*Aim of the task*
Beginning with the line that holds "Every year for" and ending with the last line, please repeat the entries exactly and omit the pictures.
---------- Source records ----------
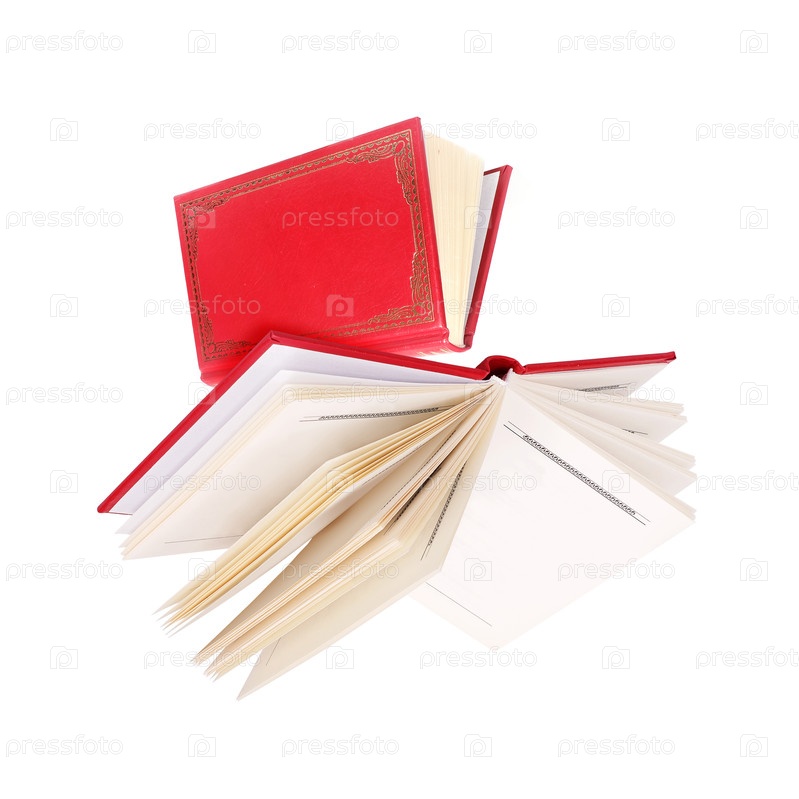 Летающая красная книга изолирована на белом фоне. Элемент дизайна с обтравочным контуром
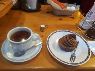 モーニング&デザートセット✨ ①棚の高さチェック✅️②🐻ちゃんと📸③ミニサラダ追加🥗④🫖&🌰⑤断面✨⑥ミルクティー🥛⑦Noritake様〜🙏コメダ珈琲店様☕今年もありがとうございました🙇
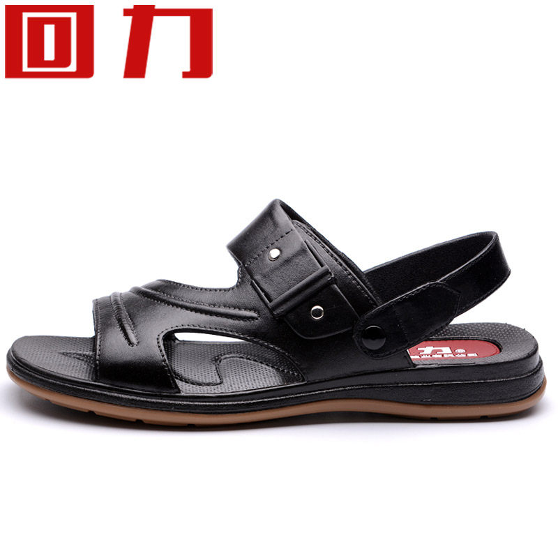 Back Force Sandals Men's Dual-use Soft Bottom Leather Slippers Summer Outer Penetrating Gas Beach Shoes Casual Non-slip Plastic Driving Cool Tug
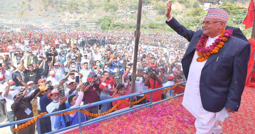 ओलीले देशभरि एमालेको पक्षमा जनलहर उर्लिएको बताए । एमालेलाई जिताउनका लागि जनता चुनावको प्रतीक्षामा रहेको उनको दाबी छ । ओलीले वर्तमान सरकारले ‘रिसाएको बिरालो’ को शैलीमा नेपाल राष्ट्र बैंकका गभर्नरमाथि कारवाही गरेको आरोप लगाएका हुन् । उनले भने, ‘आफू कमिशनखोरी गर्छ, दलाल पूँजीपतिसँग मिलेर देशको अर्थतन्त्र ध्वस्त पार्छ अनि राष्ट्र बैंकको गभर्नरलाई कारबाही गर्छ । बिरालो रिसायो भने मान्छेलाई केही गर्न सक्दैन, खाँबो चिथोर्छ । सरकारलाई एमालेसँग रिस उठेको होला, एमालेलाई केही गर्न सक्दैन अनि गभर्नरलाई कारबाही गर्छ ।’
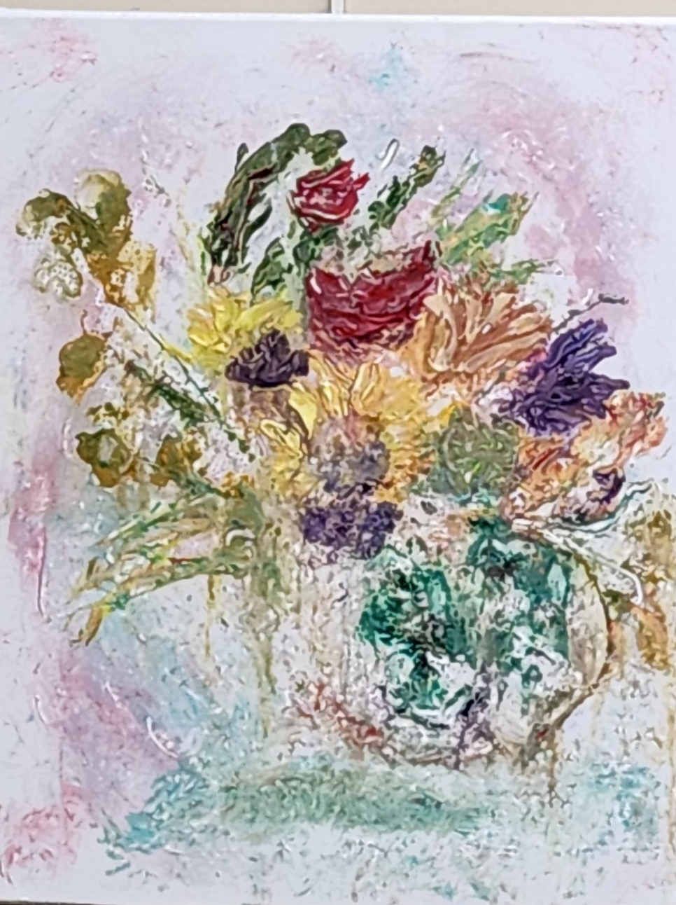 Such a great event. Two days of market fun, meeting new people, and seeing the creative work of fellow artists. Friday night was Paint Night at the museum. A room full of artists painting a flower arrangement, using a credit card as our painting tool. What a blast!
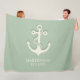 Nautical home decorator fleece throw blanket in aqua/mint green/turquoise with a cream/white anchor. Personalized with your family name and wedding/established date.
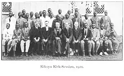 The board of elders in Kikuyu, 1920, with Arthur seated in the front row, five from the left, wearing the traditional Scottish minister's Geneva gown, complete with academic hood
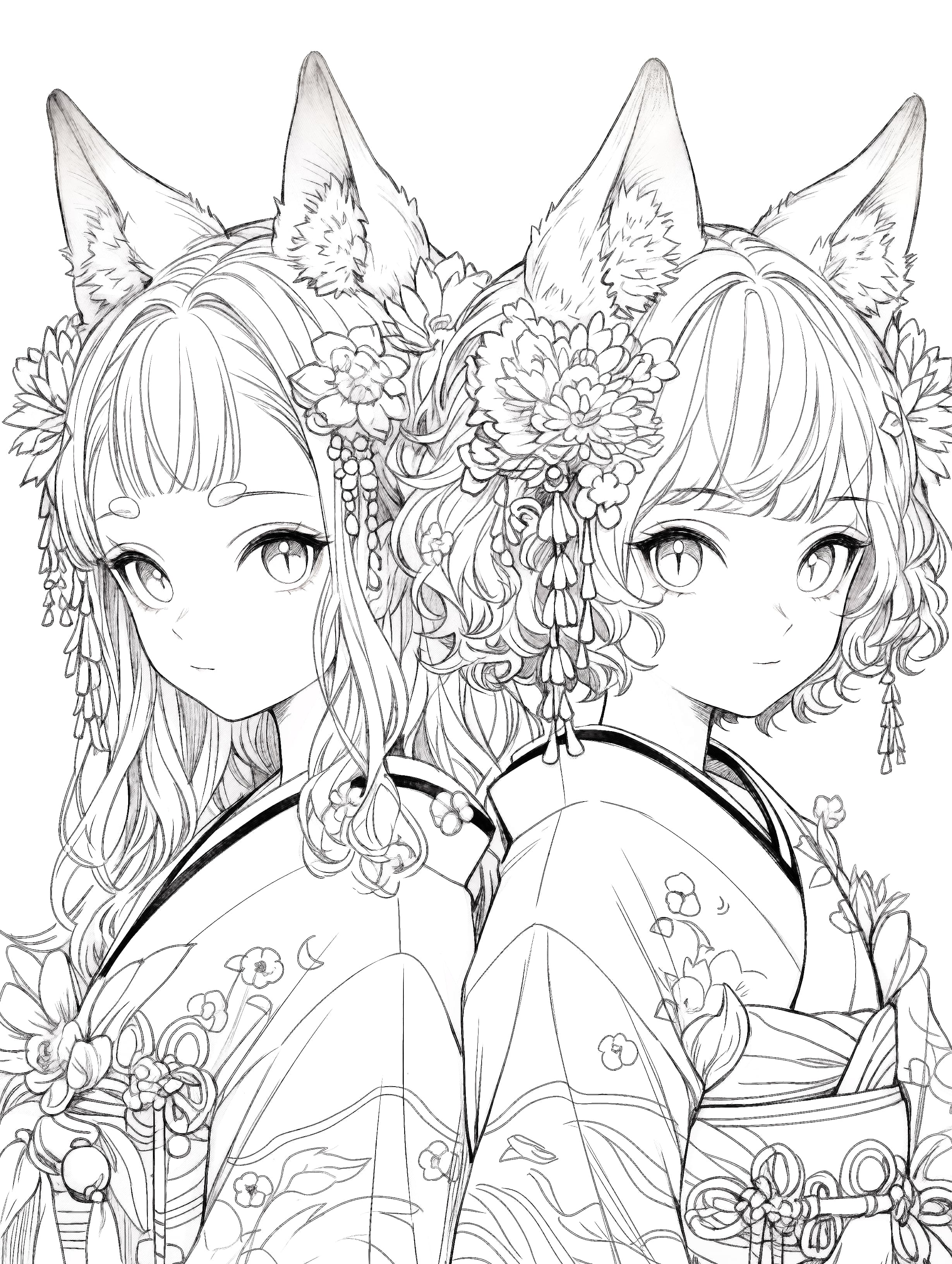 女の子 花 着物 和風 動物 ミニキャラ ファンタジー
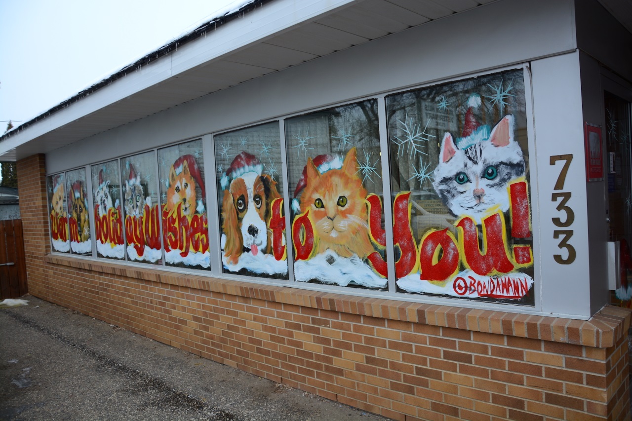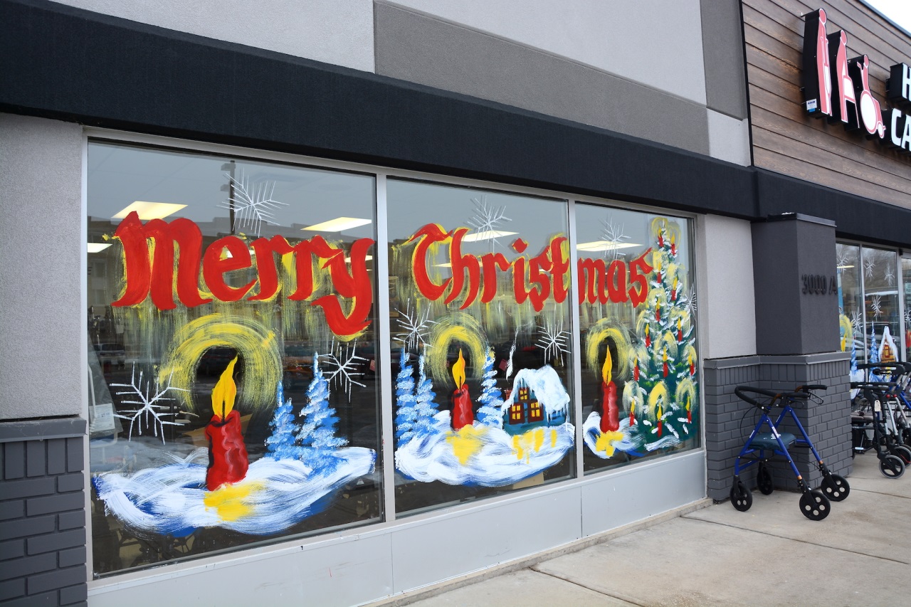 Every year for more than two decades as the holidays approach many local businesses and organizations hire the local artist to bring their windows to life with paintings of holiday scenes and greetings.
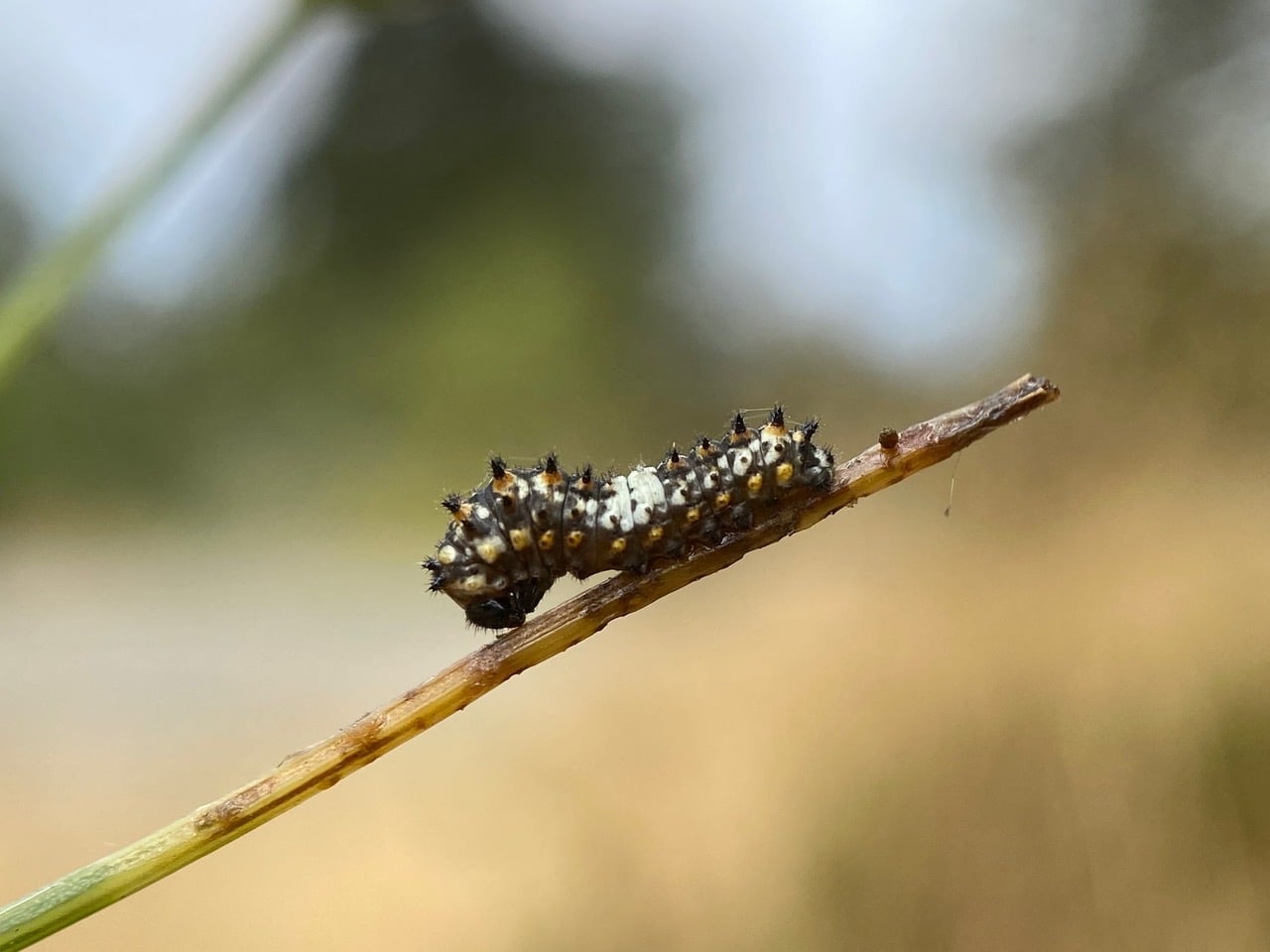 Hey, here’s a little caterpillar! It is probably a second instar, with a patch of white across its mid section, appearing like bird poop. Swallowtail caterpillars are well-known for their bird-poop mimicking larvae in their early instars. The disguise likely keeps the caterpillars safe from hungry birds until they are more mobile.
----------
*Response box*
 Every year for more than two decades as the holidays approach many local businesses and organizations hire the local artist to bring their windows to life with paintings of holiday scenes and greetings.
 Hey, here’s a little caterpillar! It is probably a second instar, with a patch of white across its mid section, appearing like bird poop. Swallowtail caterpillars are well-known for their bird-poop mimicking larvae in their early instars. The disguise likely keeps the caterpillars safe from hungry birds until they are more mobile.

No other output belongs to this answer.